I killed it at being a bad assistant.
Bureau chiefs who worked for Bussey used to warn me that I should always check for my wallet when I left his office. I didn’t know what they meant until he offered me a job as a foreign correspondent based in Tokyo. After our talk, I felt like a rock star, the euphoria lasting about four minutes until the practicalities of this position set in. I didn’t speak Japanese. The little I knew about Japan I’d picked up from a couple Murakami novels and a five-day vacation in Tokyo to visit my friend Aika, a man-eating deejay whom I’d backpacked around South America with in college. I could hardly afford to live in New York on my salary, let alone Tokyo.
But I was cheap. The Journal gave me a salary raise to $40,000 a year, and called it “a suitcase relocation.” I had no family or house full of belongings to relocate. I could pick up in the same red suitcase I’d used when I first moved to New York.
My mom cried when I told her. “No, no, I’m really happy for you,” she said through sobbing so loud I had to hold the phone away from my ear. “But JAPAN?!”
A couple of weeks before my big move, Ellen Byron, who covered retail at the Journal, urged me to go out with her on St. Patrick’s Day.
“C’mon, you’ll meet an Irish guy,” she said.
She knew that my fling with an Iraq correspondent who called me habibti and had a fiancée in Washington had imploded. I don’t know if I even liked him that much, but I’d been so impressed with his career and his dispatches from war zones that I became infatuated. I confided this to one of my bosses, a page-one editor who shook her head of short gray curls. “Amy,” she said. “You can’t fuck the copy.”
I agreed to go for one drink, as long as I didn’t have to wear green or talk to anyone wearing a kiss me, i’m irish T-shirt. There in the Pig ’N’ Whistle, the type of generic Times Square pub I would never normally go to, I saw Bobby. He was brooding against the bar, a trio of blondes forming a half circle around him. He wore a khaki trench coat and had the gentlest hazel eyes framed by sad, expressive lines. With a head of thick black hair, he stood a good foot taller than the blondes. He drank a freshly poured pint of Guinness, licking his upper lip to remove the frothy white mustache that formed after each sip.
I tugged at Ellen’s arm, subtly pointed his way, and said, “See that guy right there? He’s my new Irish boyfriend.” He was a friend of a friend, Ellen said and introduced us. Bobby told me he was from a town called Trim, “about forty-five minutes outside Dublin.”
“Isn’t the whole country forty-five minutes outside Dublin?” God, I was awful at this.
But he seemed amused. We all left the bar to see a U2 cover band called Unforgettable Fire. Bobby bet me five dollars that the final song would be “Where the Streets Have No Name.” I agreed, not knowing that he’d already looked up the set list.

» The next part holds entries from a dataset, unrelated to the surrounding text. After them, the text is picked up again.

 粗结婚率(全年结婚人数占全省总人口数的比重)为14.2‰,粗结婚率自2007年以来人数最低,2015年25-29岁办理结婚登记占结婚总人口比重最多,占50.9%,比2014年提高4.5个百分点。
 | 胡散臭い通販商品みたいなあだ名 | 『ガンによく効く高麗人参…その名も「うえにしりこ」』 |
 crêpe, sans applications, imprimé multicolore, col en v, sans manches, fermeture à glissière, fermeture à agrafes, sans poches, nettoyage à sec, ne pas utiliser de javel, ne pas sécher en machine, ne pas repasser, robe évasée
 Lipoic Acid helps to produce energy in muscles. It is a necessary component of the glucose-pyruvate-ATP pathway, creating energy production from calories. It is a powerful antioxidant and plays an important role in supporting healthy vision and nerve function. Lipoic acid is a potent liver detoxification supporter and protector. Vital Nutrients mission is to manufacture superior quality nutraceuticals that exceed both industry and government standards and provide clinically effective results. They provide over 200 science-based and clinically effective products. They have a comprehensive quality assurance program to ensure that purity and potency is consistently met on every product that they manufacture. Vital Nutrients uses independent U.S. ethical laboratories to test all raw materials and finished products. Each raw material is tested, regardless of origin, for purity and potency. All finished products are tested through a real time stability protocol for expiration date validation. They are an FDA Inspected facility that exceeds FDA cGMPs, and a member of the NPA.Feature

When the concert ended and everyone spilled out onto the sidewalk, I handed Bobby a five-dollar bill. He wrapped my navy peacoat around my shoulders and flagged me a taxi. He was drunk and his upper lip quivered. We hugged goodbye. I’d just met him, yet I had the strangest feeling of my feet elevating off the sidewalk. Or maybe it was the sidewalk that had sunk beneath us. Either way, I looked up at him, disoriented, feeling punched in the gut, that place where the heart is.
“Chozick, Bussey,” the voice said before I could say hello. He always ran the words together into one Slavic-Norman surname. Chozickbussey. “How’d you like to go to Iowa to cover Hillary Clinton?”

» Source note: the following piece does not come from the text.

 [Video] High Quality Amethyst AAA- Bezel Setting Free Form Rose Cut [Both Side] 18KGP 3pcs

It was 2007 and Rupert Murdoch had just paid $5 billion for the Journal’s parent company, Dow Jones. Management, unsure what the takeover would mean for the paper’s political coverage, needed to install a loyal Journal lifer as Washington bureau chief. And there was no one more loyal than Bussey. Within days he’d left the Journal’s Hong Kong bureau overlooking Victoria Harbour, to move to a dreary office building off K Street. There were no niceties with Bussey. No explanation of what the job would entail or what I’d be paid. (The same salary I’d made when I left Japan, $43,000 a year.)
I’d only moved back to New York from Tokyo a couple of weeks earlier. A squishy brown Kapibara-san charm, a plush version of the world’s largest rodent, still hung from my cell phone—one of my many accessories that seemed appropriate for a twenty-eight-year-old foreign correspondent in Tokyo but that I should’ve retired to a landfill when I got back to the States.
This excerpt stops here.